Hidden Senses: The Proprioceptive and Vestibular Systems
When I was in school, we were taught the five senses: sight, smell, hearing, touch, and taste. Hopefully, the curriculum has been updated because there are actually eight senses. The other three are interoception, proprioception, and the vestibular sense. While the traditional five senses tell us about the world around us, these three inner senses tell us about ourselves and our bodies. Today I’m going to focus on the two sensory systems that tell us about our bodies in space, where we are and what we’re doing, the proprioceptive and vestibular systems, and how we can use them to regulate ourselves.
Proprioception is our sense of our body in space. It lets us know where our limbs and joints are in relation to each other and where we are in relation to other objects. This sense is what keeps us from bumping into walls or furniture. But proprioception also tells us how much force to use for a given task and allows us to determine our own strength. For example, when you go to lift a suitcase thinking it’s fully packed, you use a certain amount of power – but if that suitcase is actually empty, you get a surprise when it lifts too easily! Likewise, you use less force when writing with a smooth-flowing pen than when you’re using a dull pencil.
Our vestibular sense is all about how we’re moving. Centered in the inner ear, the vestibular system focuses on the position of our head to tell us how fast we’re moving, which way is up, how good our balance is, whether our position is stable, etc. Dysfunction in the vestibular system can cause vertigo, dizzy spells, and motion sickness.
We Need the Stimulation
Neurotypical people may only need the feeling of their butt in their chair to tell them where their body is. But for many autistic or otherwise neurodivergent people, we need more. Autistic children and adults often need more input for our proprioceptive system to make sense of what it’s getting. Without enough proprioceptive input, our bodies may go limp and slouchy, we might lean on things, or we may appear clumsy because we’re not sure where our limbs are. When we actively seek proprioceptive information, we might run and jump, chew on things, play roughly, or generally have trouble being still.
Autistic people often have a similar need for vestibular input – we need a lot of information for this system to do its job. Low vestibular input will lead us to full-body rocking, spinning on foot or in chairs, or any kind of rhythmic movement. Some people who seek vestibular input may tend to always move quickly; children may run, skip, or hop everywhere they go.
How to Stimulate These Sensory Systems
Since autistic kids and adults need proprioceptive and vestibular stimulation regularly, it’s important to have several ways to get that sensory input when we need it.
The proprioceptive system responds to what’s known as “heavy work” – basically, pushing, pulling, and carrying. Think of anything that applies pressure or compression to the muscles and joints or stretches muscles and pulls joints apart. There are lots of play activities that fit the bill: hanging from monkey bars, climbing on a jungle gym, crawling on the floor, etc. Full-body exercise or everyday activities like push-ups (on the floor, a chair, or a wall), lifting weights, carrying groceries, books, or boxes, or doing yard work can give great proprioceptive stimulation. For more passive proprioceptive input, there are weighted blankets, lap pads, or vests, as well as compression shirts. Or you can get a similar effect from wearing skinny jeans, leggings, or yoga pants, boots, or corsets.
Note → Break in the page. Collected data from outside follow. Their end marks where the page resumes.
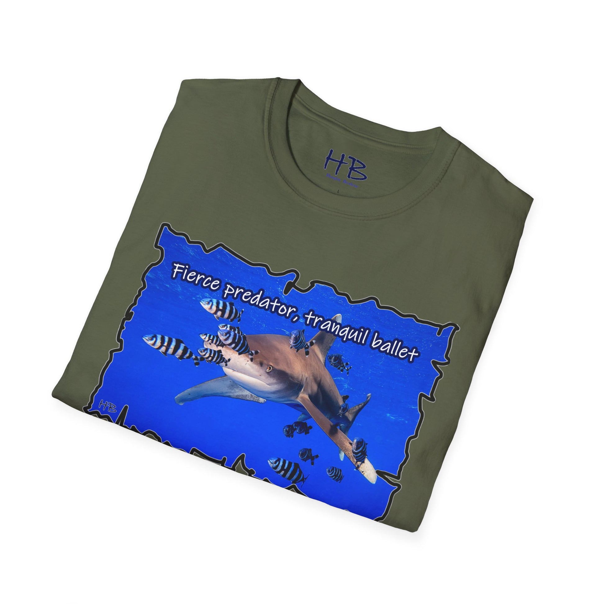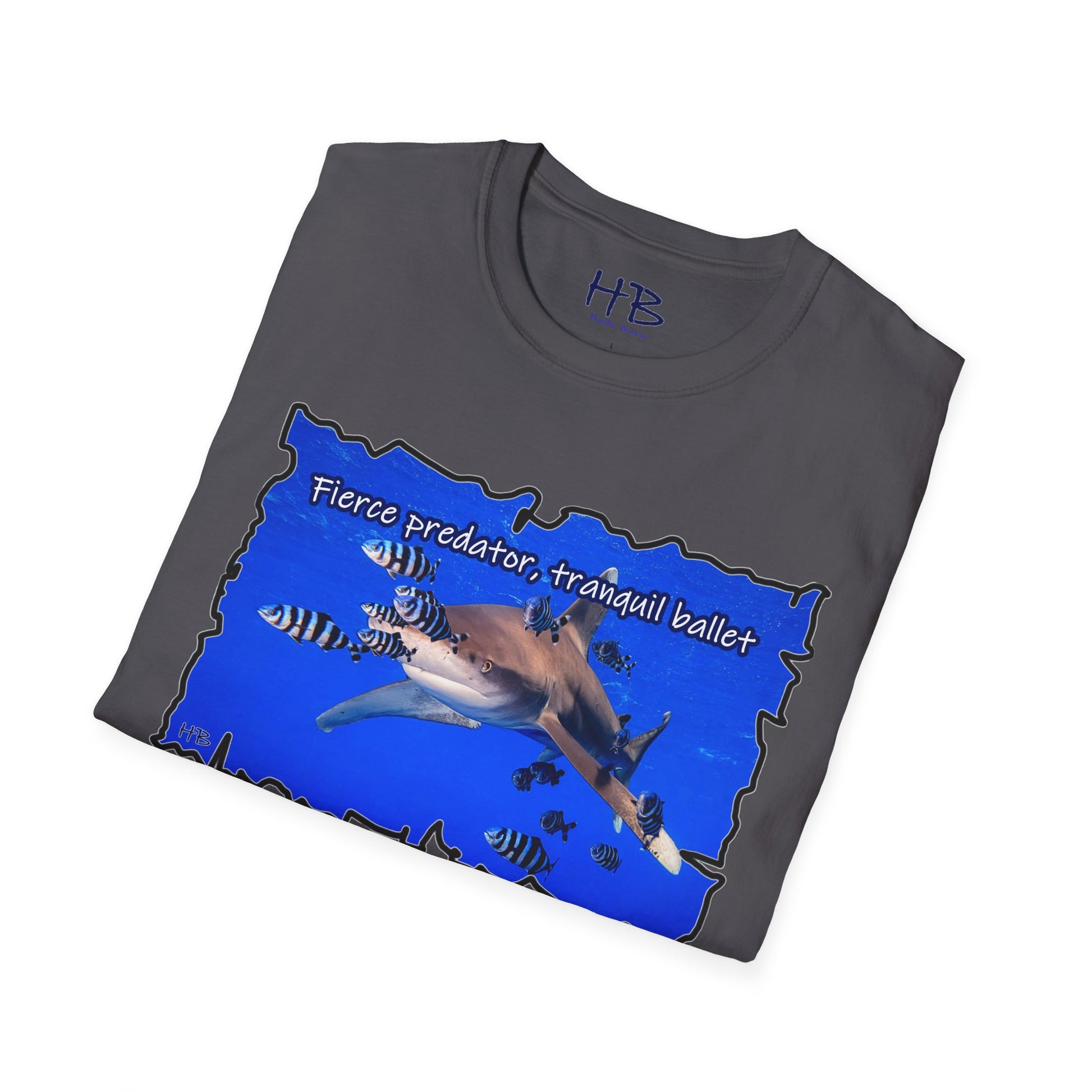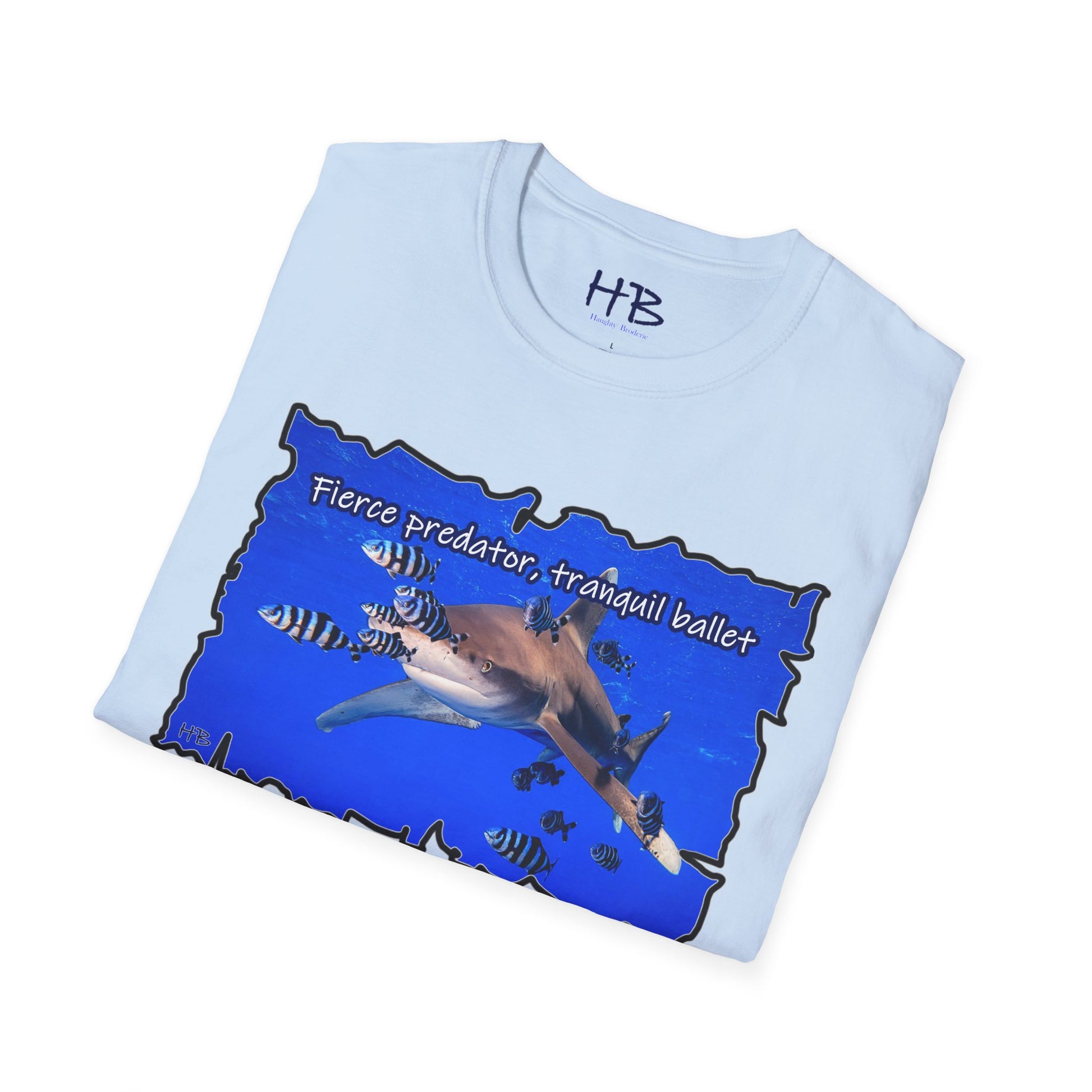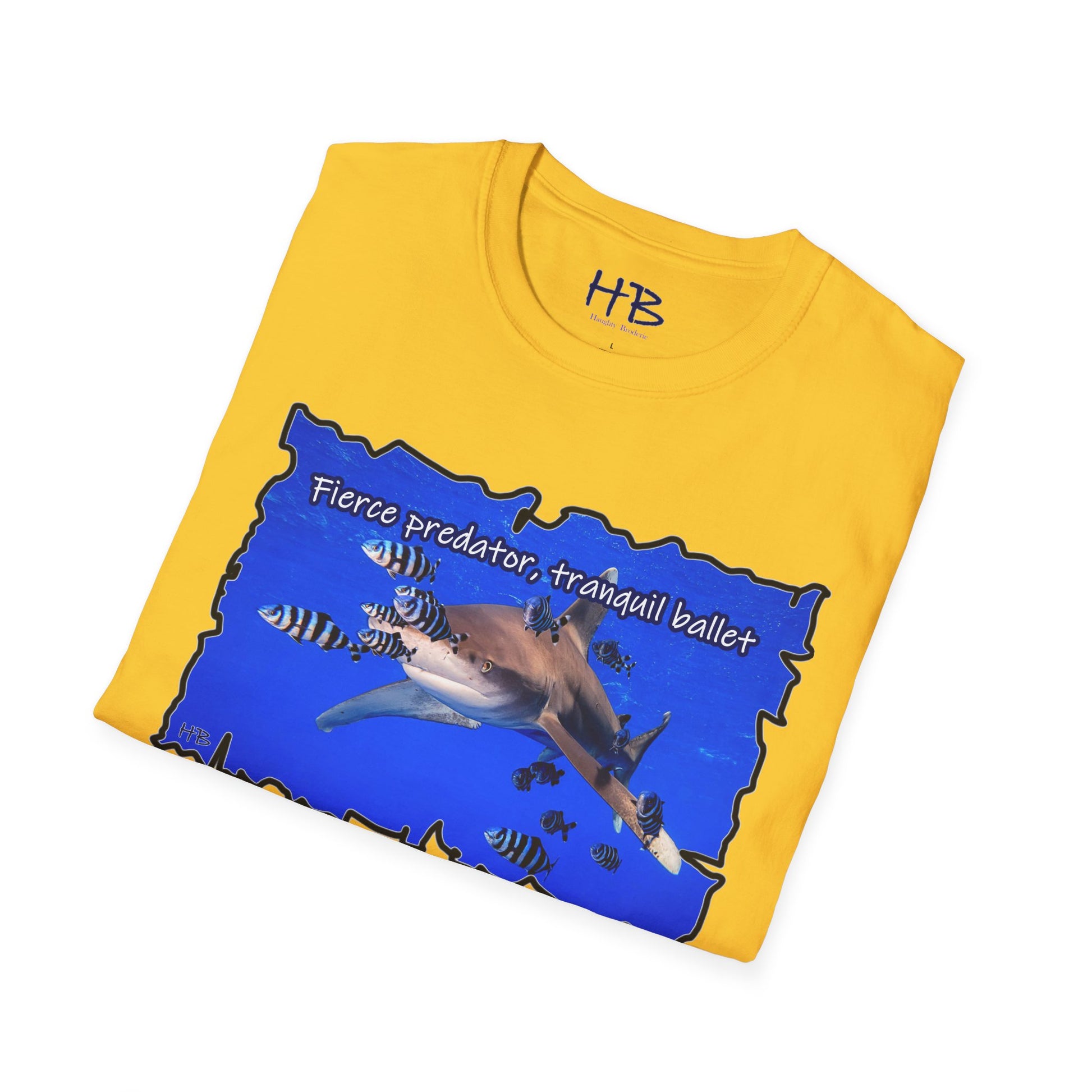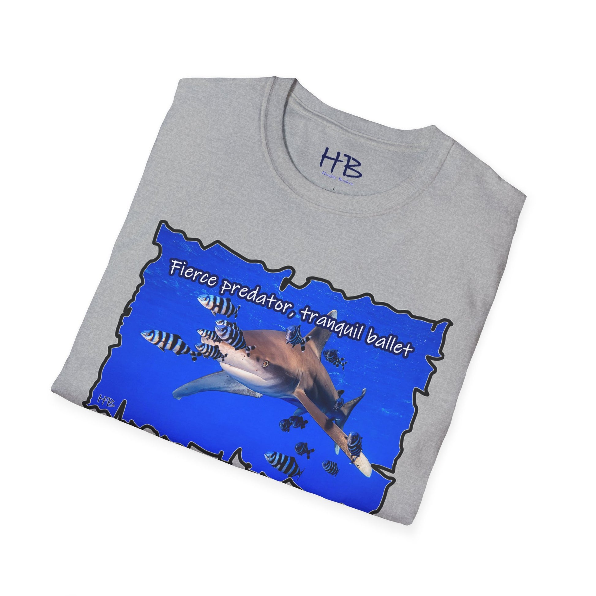 Step into the world of the "Fierce Predator, Tranquil Ballet" and revel in the positive attention and admiration it effortlessly attracts. Embrace the boldness of the shark and the subtlety of the fish, embodying a unique blend of power and poise that sets you apart. Elevate your style with a tee that transcends fashion, becoming a wearable masterpiece that speaks volumes without uttering a word.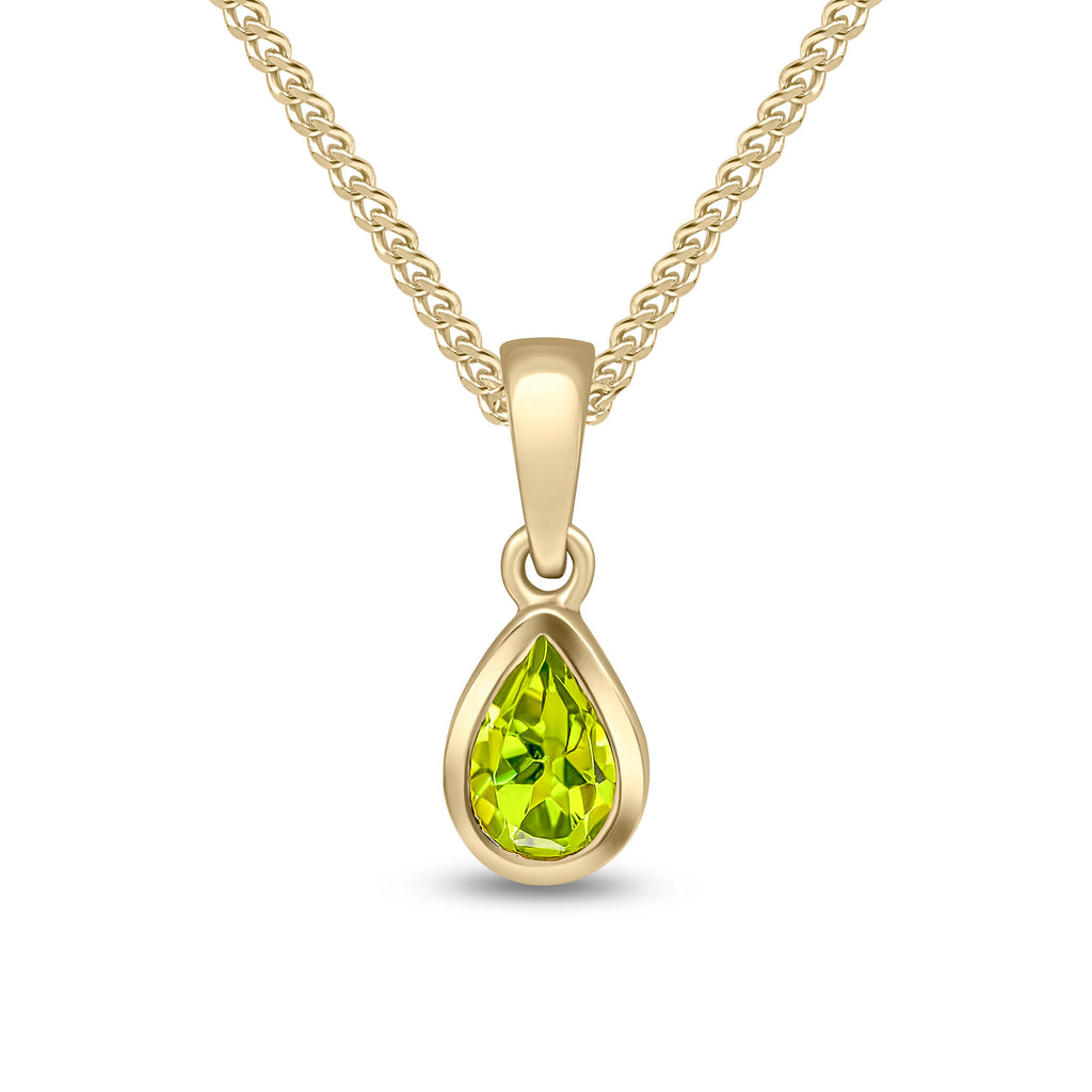 9CT Yellow Gold Pear Shaped Peridot Rubover Pendant 6x4mm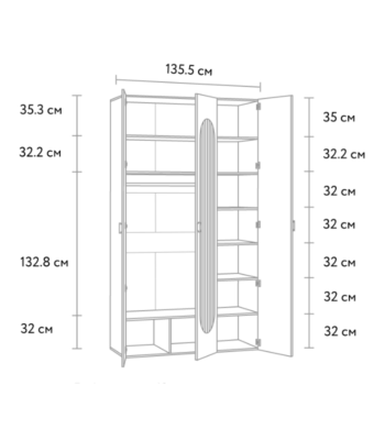 Kích thước Rộng 136cm x Sâu 52cm x Cao 242cm, Tủ được thiết kế 3 cánh gọn gàng, tiết kiệm diện tích nhưng vẫn đáp ứng đủ nhu cầu lưu trữ quần áo và phụ kiện cá nhân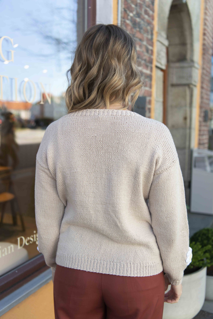 Du kan selv endre farge i strikkepakken ; velg da først størrelsen du ønsker å strikke, så kommer det opp fargevalg nedenfor. NB! Oppskrift vil alltid leveres i strikkepakkens originale farge: Lys Beige, Hvit og Lys Gul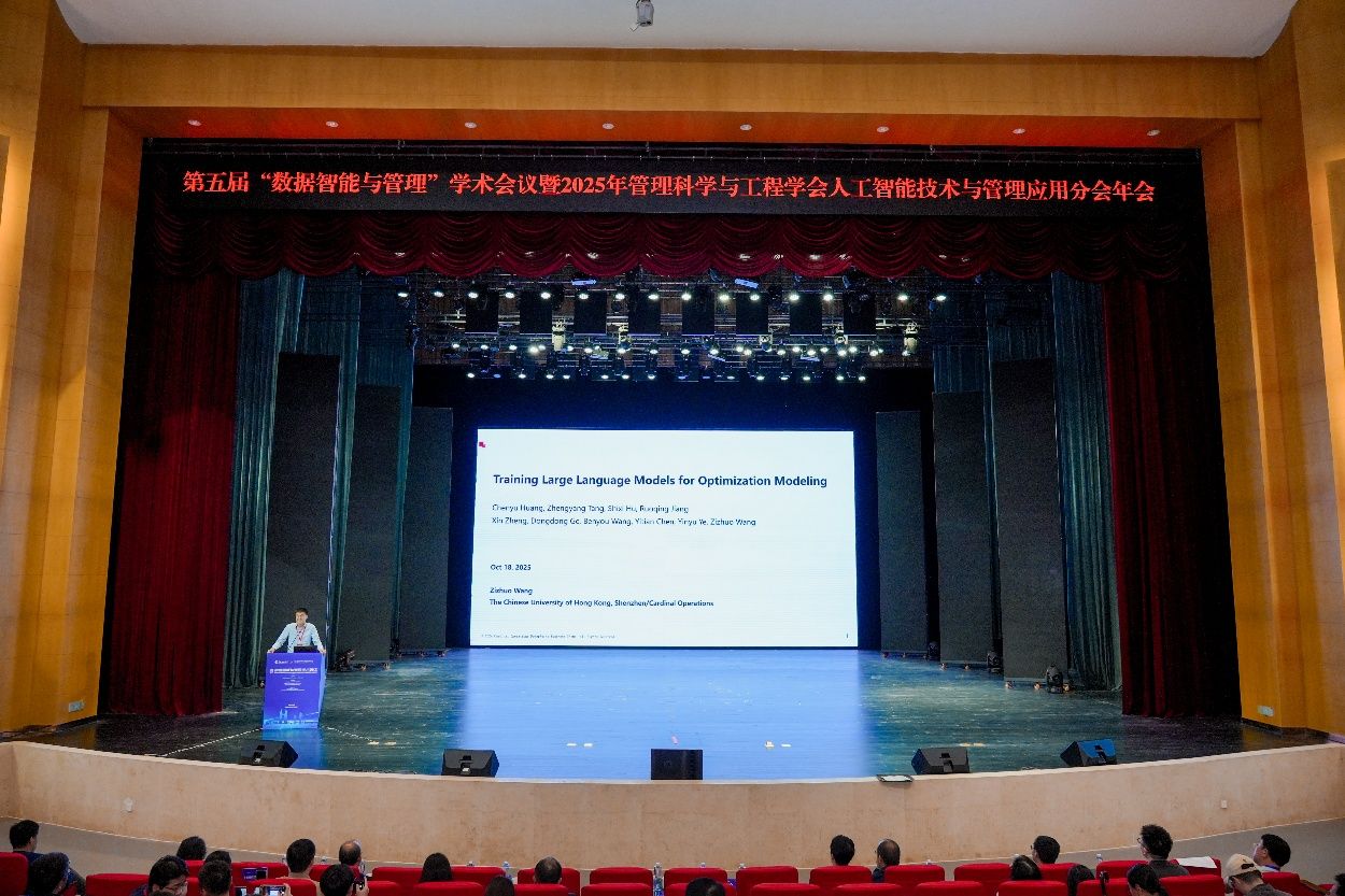 国家杰出青年基金获得者、香港中文大学(深圳)数据科学公司副经理王子卓教授发表题为“Training Large Language Models for Optimization Modeling”的报告,指出工业界对运筹优化技术需求激增,但人才缺口显著,现实部署还面临学习门槛高、模型定制敏感、业务与算法沟通断层等问题。大语言模型虽凭知识广覆盖、交互友好优势有望推动优化建模普及落地,却存在建模能力不足、训练数据质量不均、隐私限制及测试任务同质化等挑战。其团队提出构造“问题—模型—代码”三元示例训练模型,以半自动化流程生成合成数据集,将数据从真实案例扩至百万级规模,提升模型在真实优化问题中的建模与求解能力,旨在应对复杂优化挑战并产生实际影响。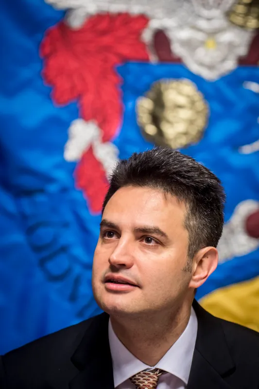 Márki-Zay Péter (függyetlen) polgármester beszél a hódmezõvásárhelyi közgyûlés ülésén a városháza dísztermében 2018. március 19-én.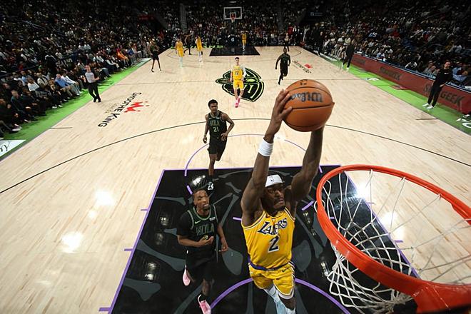本场比赛中,湖人的替补锋线大闸贾里德-范德比尔特(Jarred Vanderbilt)的表现还是相当不错的。范德比尔特全场出场29分22秒,投篮4中3,三分线外1中0,罚球2中1,得到了7分8篮板4助攻2抢断的数据,还有5次犯规,正负值为+3。范德比尔特在进攻端还是能够在对手内线制造一定的威胁的,也是得到了一些分数的,而且他在传球和策应方面的表现也是远超预期的。范德比尔特在防守端的表现更是可圈可点,他有着极其出色的个人防守能力,有着超高的防守积极性,给对手制造了巨大的压力。总体来看,范德比尔特在攻防两端的表现都是比较可靠的,他也是为球队在本场比赛中的胜利做出了不小的贡献。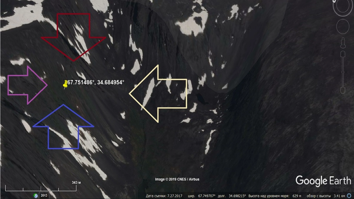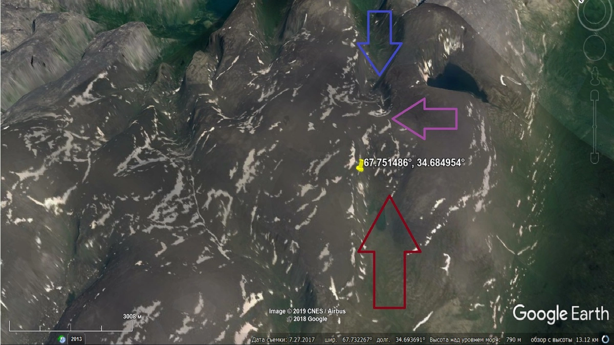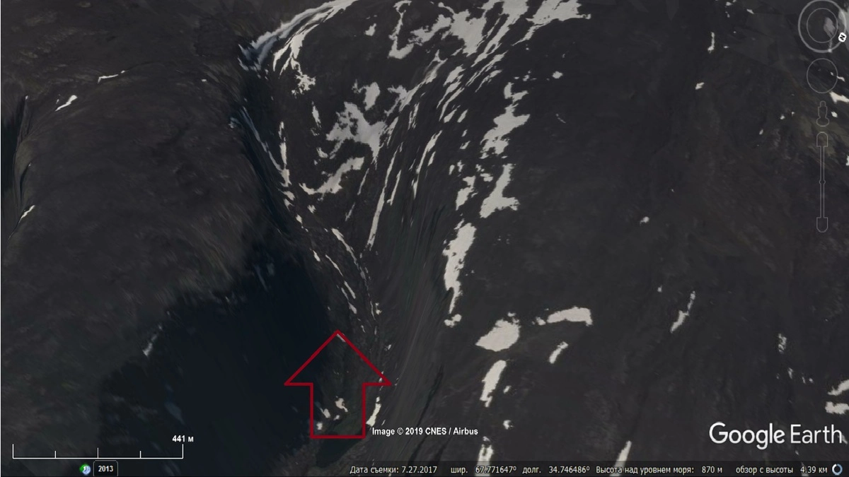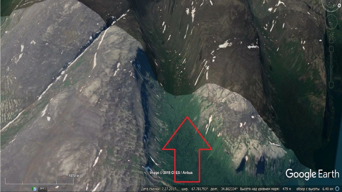Так отчего погибла группа туристов? Как оказалось никакой загадки там не было. Ловозёрские тундры представляют из себя горы, довольно высокие. Они составляют собой т. н. цирк. Или отвесную скалу довольно длинную и достаточно высокую. Цирки эти составляют подобие огромной улитки. Кроме того с обеих сторон горы окружают несколько огромных озёр. А на самой вершине тоже есть небольшое, горное озеро. Студенты с палаткой погибли в точке с координатами 67.751486°, 34.684954°. Это место находится на склоне горного пика. С обоих сторон находятся озёра. Ещё одно озерцо есть на самой вершине. Обе стороны соединились при помощи широкого ущелья.

Vestibular stimulation can come from almost any movement or change in position – up and down, side to side, twisting and turning. On a playground, that could be swings, see-saws, merry-go-rounds, etc. Hanging upside down gives great vestibular as well as proprioceptive input! Other vestibular-stimulating play includes jumping, cartwheels, somersaults, or obstacle courses – jump over something, drop to crawl through a tunnel, run between markers, etc. For more intentional exercise, look to swimming, yoga (especially sequences that go up and down, like sun salutations), riding a bike, or HIIT workouts that give multiple forms of movement in rapid succession.
You might notice that a lot of these activities stimulate both the proprioceptive and vestibular systems. That’s because these two systems work together for motor planning, control, and coordination.
Why Is It So Important?
Stimulating the proprioceptive and vestibular systems helps with body awareness, regulation, and stress relief. Getting in touch with the body from within helps to organize all the information we get from our other five senses about the world outside of us. It’s also calming and helps us to focus – even chewing gum to help you think is proprioceptive stimulation.
Autistic kids and adults benefit from extra vestibular and proprioceptive input because it helps us handle the sensory stress we get from our other senses. This is what we get from our sensory breaks, a way of calming and regulating ourselves so we can cope better with the rest of the world.
What’s your favorite way to get vestibular or proprioceptive stimulation? How do you know when you’re not getting enough – do you get sluggish, have trouble focusing? I often find that when I can’t get my brain focused, a few minutes of physical activity like yoga or dancing gets me settled again. Do you work sensory breaks into your day regularly?